- [ENTRIES SUPPLIED]:
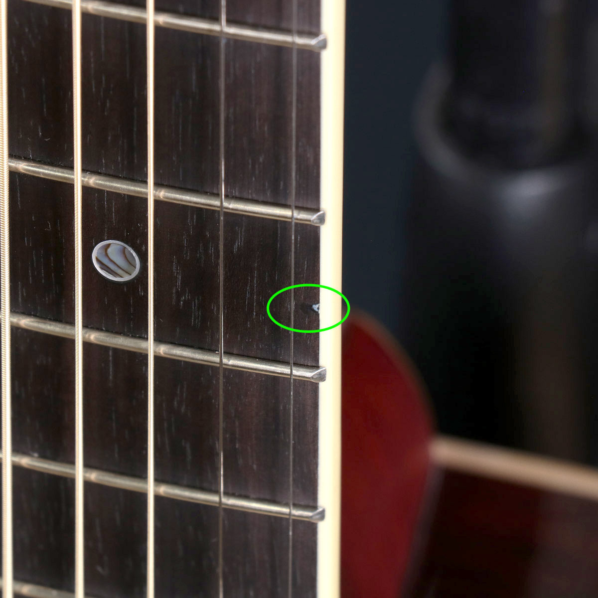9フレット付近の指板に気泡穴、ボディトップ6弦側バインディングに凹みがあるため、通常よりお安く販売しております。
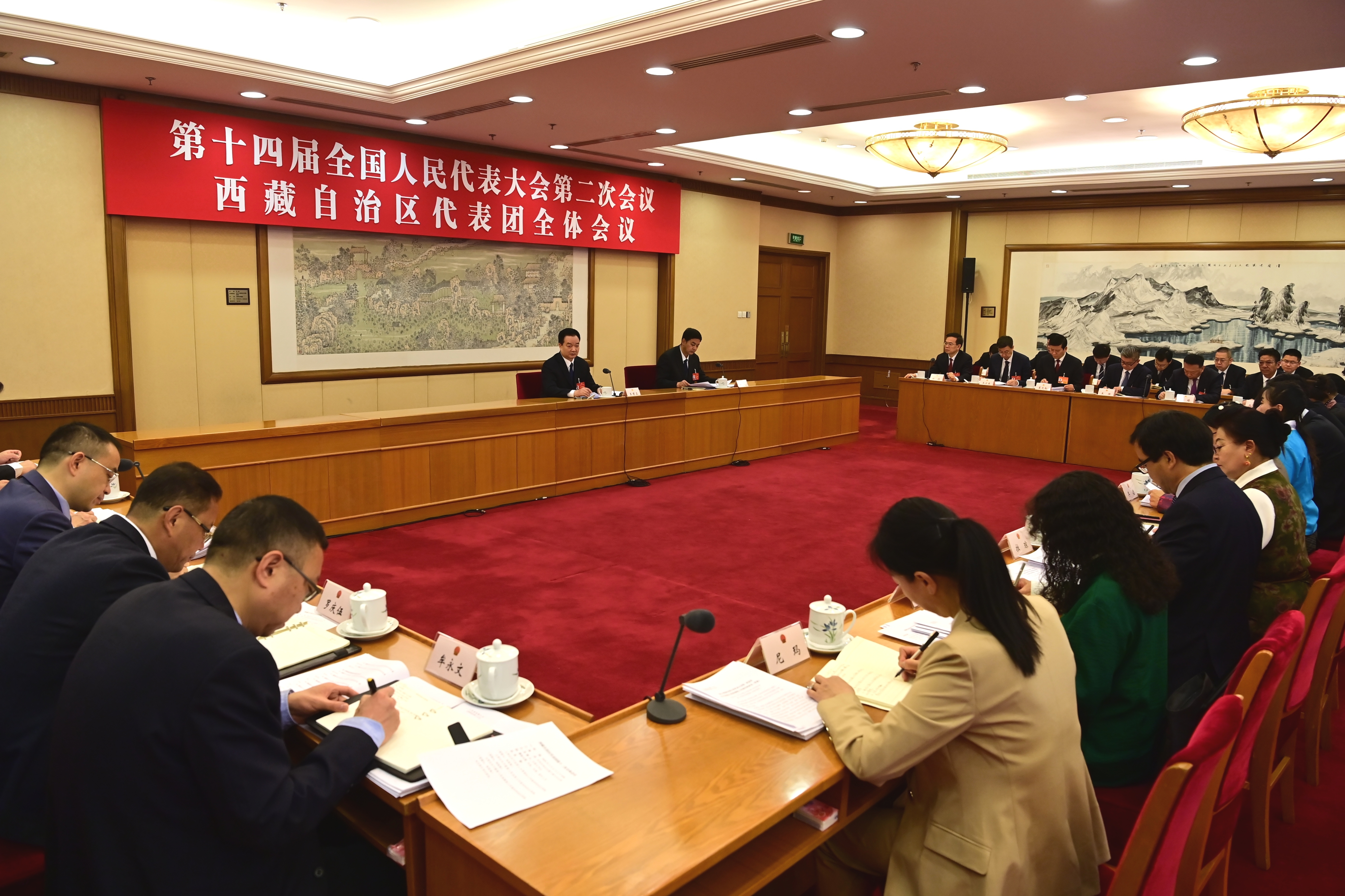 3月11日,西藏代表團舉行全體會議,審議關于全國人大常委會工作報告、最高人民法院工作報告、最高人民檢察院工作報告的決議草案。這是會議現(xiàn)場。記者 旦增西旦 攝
==
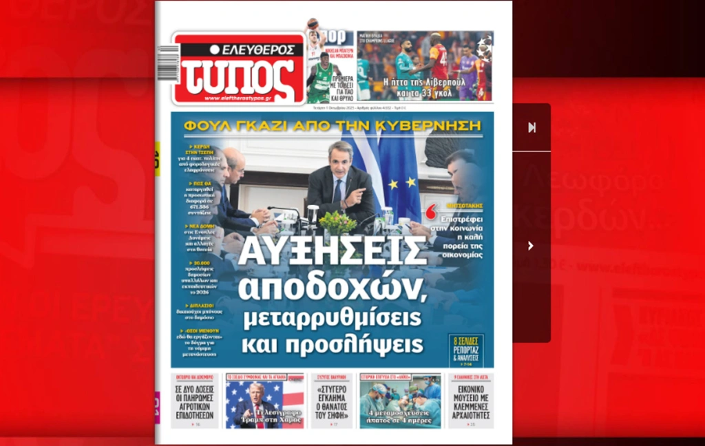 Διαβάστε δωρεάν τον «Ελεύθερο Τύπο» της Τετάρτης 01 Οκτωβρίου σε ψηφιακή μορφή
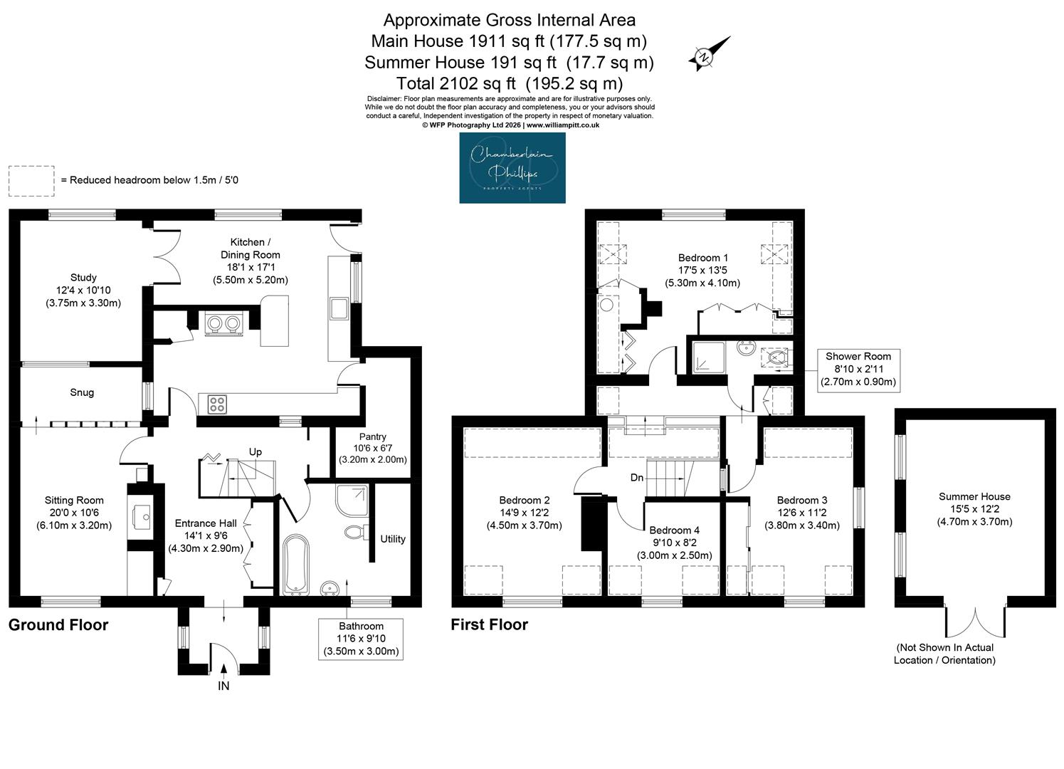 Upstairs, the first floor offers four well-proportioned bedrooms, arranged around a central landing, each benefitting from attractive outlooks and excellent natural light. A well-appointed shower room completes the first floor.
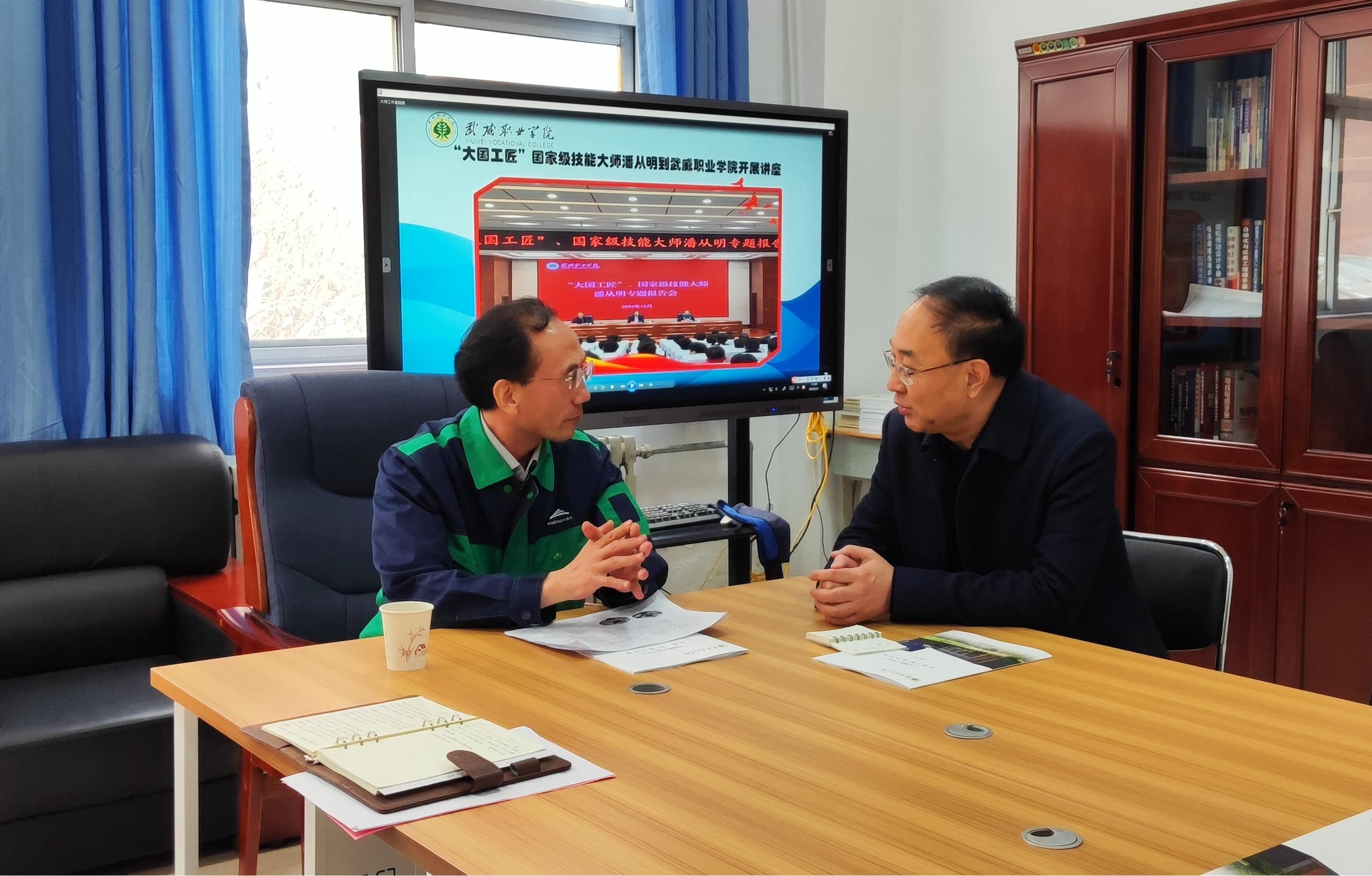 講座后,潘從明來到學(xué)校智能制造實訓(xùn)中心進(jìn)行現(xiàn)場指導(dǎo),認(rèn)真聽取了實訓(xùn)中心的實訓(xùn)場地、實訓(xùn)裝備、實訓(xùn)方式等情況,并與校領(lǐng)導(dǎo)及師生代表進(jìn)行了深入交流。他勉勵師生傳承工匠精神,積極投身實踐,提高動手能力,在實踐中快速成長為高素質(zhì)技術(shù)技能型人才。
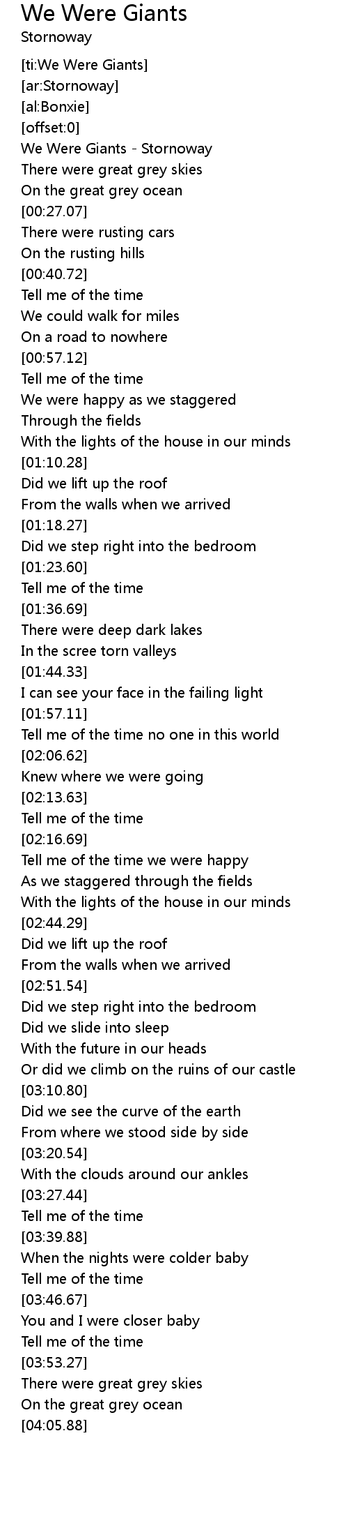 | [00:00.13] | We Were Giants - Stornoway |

- [WORK INSTRUCTIONS]:
The lines to set down run from the line with "Διαβάστε δωρεάν τον" up to and including the line with "- Stornoway |" in the entries above. Reproduce them exactly, with no pictures.

- [SOLVED PROBLEM]:
 Διαβάστε δωρεάν τον «Ελεύθερο Τύπο» της Τετάρτης 01 Οκτωβρίου σε ψηφιακή μορφή
 Upstairs, the first floor offers four well-proportioned bedrooms, arranged around a central landing, each benefitting from attractive outlooks and excellent natural light. A well-appointed shower room completes the first floor.
 講座后,潘從明來到學(xué)校智能制造實訓(xùn)中心進(jìn)行現(xiàn)場指導(dǎo),認(rèn)真聽取了實訓(xùn)中心的實訓(xùn)場地、實訓(xùn)裝備、實訓(xùn)方式等情況,并與校領(lǐng)導(dǎo)及師生代表進(jìn)行了深入交流。他勉勵師生傳承工匠精神,積極投身實踐,提高動手能力,在實踐中快速成長為高素質(zhì)技術(shù)技能型人才。
 | [00:00.13] | We Were Giants - Stornoway |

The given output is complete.